As this blog has noted before, the popular vote is a flawed metric because the number of people who participate in caucuses is much smaller than the number of people who vote in primaries. But let’s set that objection aside. What’s the logic undergirding Clinton’s claim?  

1) If you count the vote in all primaries and caucuses sanctioned by the Democratic National Committee, Obama leads by about 552,000 votes, according to an estimate by Real Clear Politics.

2) If you add in Florida, whose primary was not DNC-sanctioned, and where the candidates agreed not to campaign, Obama’s lead drops to 257,000.

3) If you further add in Michigan, whose primary was not DNC-sanctioned, where candidates agreed not to campaign, and where Obama’s name did not appear on the ballot , then Clinton leads by 71,000.

But:  

4) In Michigan, “uncommitted” received 40 percent of the vote, which seems kind of high.
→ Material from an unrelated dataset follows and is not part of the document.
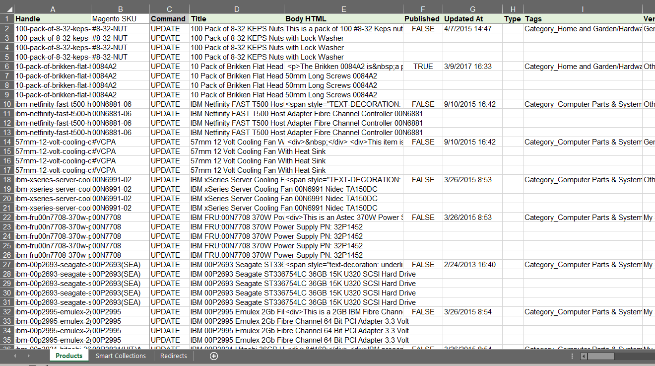 Note the “Tags” column – those contain the categories from your Magento store. They are in the format with _ (underscore) because some Shopify Themes recognize those as group filters which will result in nice Category filters.

If we count Michigan’s 238,000 uncommitteds for Obama, then he leads by 167,000. Presumably the Clinton campaign isn’t making this final calculation. In the past, though, her camp has explained away the embarrassingly large proportion of Michigan uncommitteds—remember, Clinton was the only major candidate on the ballot— by pointing out that Obama’s Michigan supporters urged primary voters to pull the lever for “uncommitted.” Indeed, on May 10 Clinton spokesman Howard Wolfson said Clinton would be willing to give Obama all the Michigan uncommitteds , provided Obama dropped his opposition to seating Michigan and Florida.

Hendrik Hertzberg of the New Yorker , a strong proponent of the popular-vote metric, has argued that if you’re going to count Michigan, you have to take this last step. (Incidentally, Hertzberg later discovered that his own calculations understated Obama’s support.)
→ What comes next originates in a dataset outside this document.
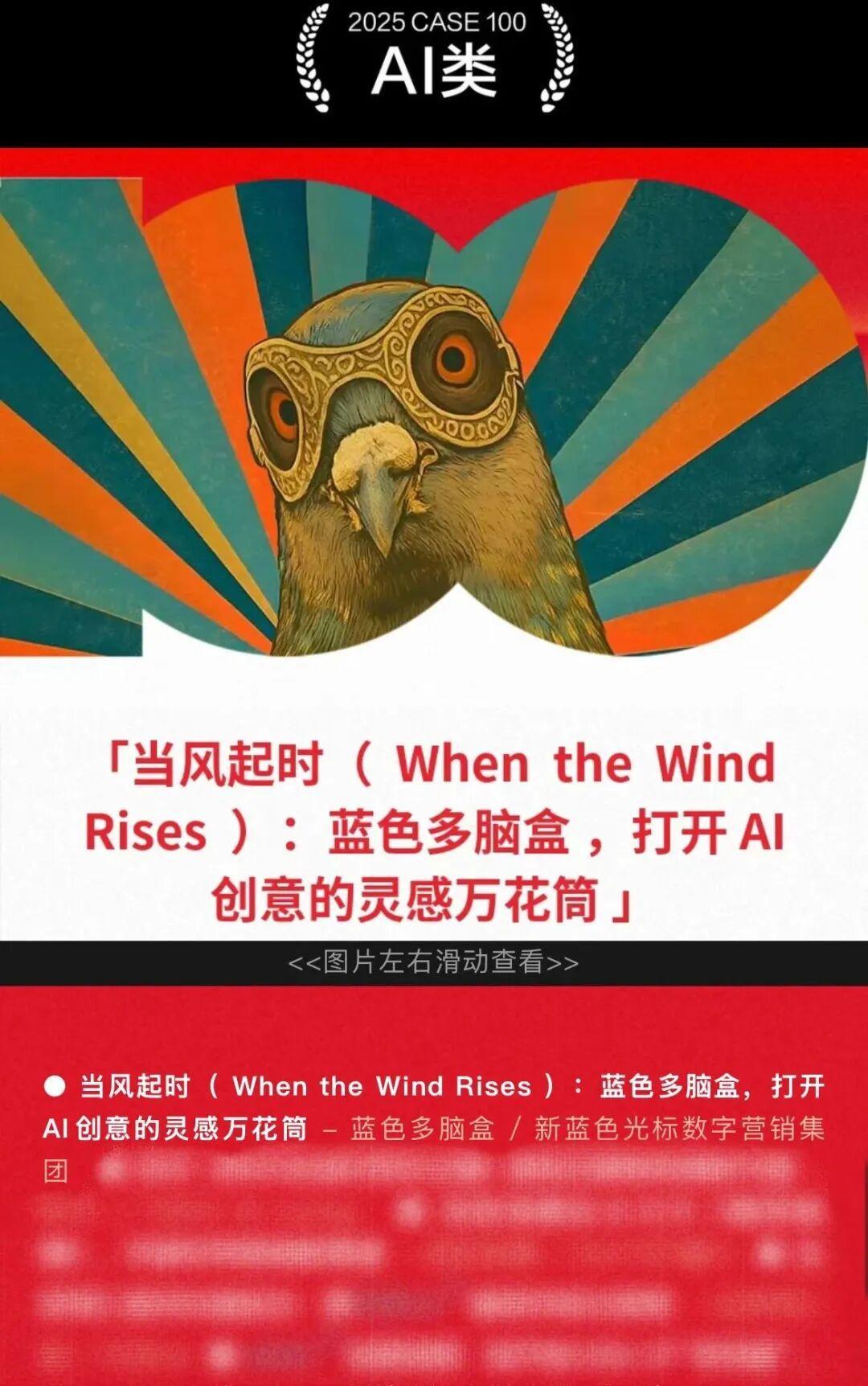 近日,由广告门主办的 「2025 CASE 100 百大品牌创新营销案例」评选结果正式揭晓。蓝色光标旗下新蓝色光标数字营销集团(以下简称“新蓝标数字集团”) AI 创意作品 《当风起时(When the Wind Rises):蓝色多脑盒,打开 AI 创意的灵感万花筒》,成功入选2025 年 「CASE 100 百大品牌创新营销案例」(AI类别)。CASE 100 百大品牌创新营销案例评选由广告门自 2023 年起推出,聚焦品牌在新叙事方式、新体验、新形式、新工具与新场景等维度的创新实践,关注在复杂营销环境中真正具备突破性与讨论价值的代表性案例。该作品从创作机制与表达方式入手,呈现了 AI 介入创意表达的一种艺术化想象与叙事尝试,体现了新蓝标数字集团在 AI 与创意融合方向上的阶段性探索。

5 ) An additional variable is whether you count all the caucuses. Four caucus states—Iowa, Nevada, Maine, and Washington— never reported their popular votes. So the calculations above are based on estimates. If you don’t count these estimates, Clinton’s 71,000 lead rises to 181,000 votes .

6 ) But isn’t it inconsistent to argue for enfranchising Florida and Michigan while simultaneously disenfranchising Iowa, Nevada, Maine, and Washington? Yes, that’s inconsistent. So let’s disenfranchise Florida and Michigan in addition to the four caucus states. That gives the popular vote lead back to Obama by 442,000.

7 ) OK, now let’s put Florida and Michigan back in but give Obama the Michigan uncommitteds, per Hertzberg’s recommendation and Wolfson’s May 10 comment. That also gives the popular vote lead back to Obama, this time by about 57,000.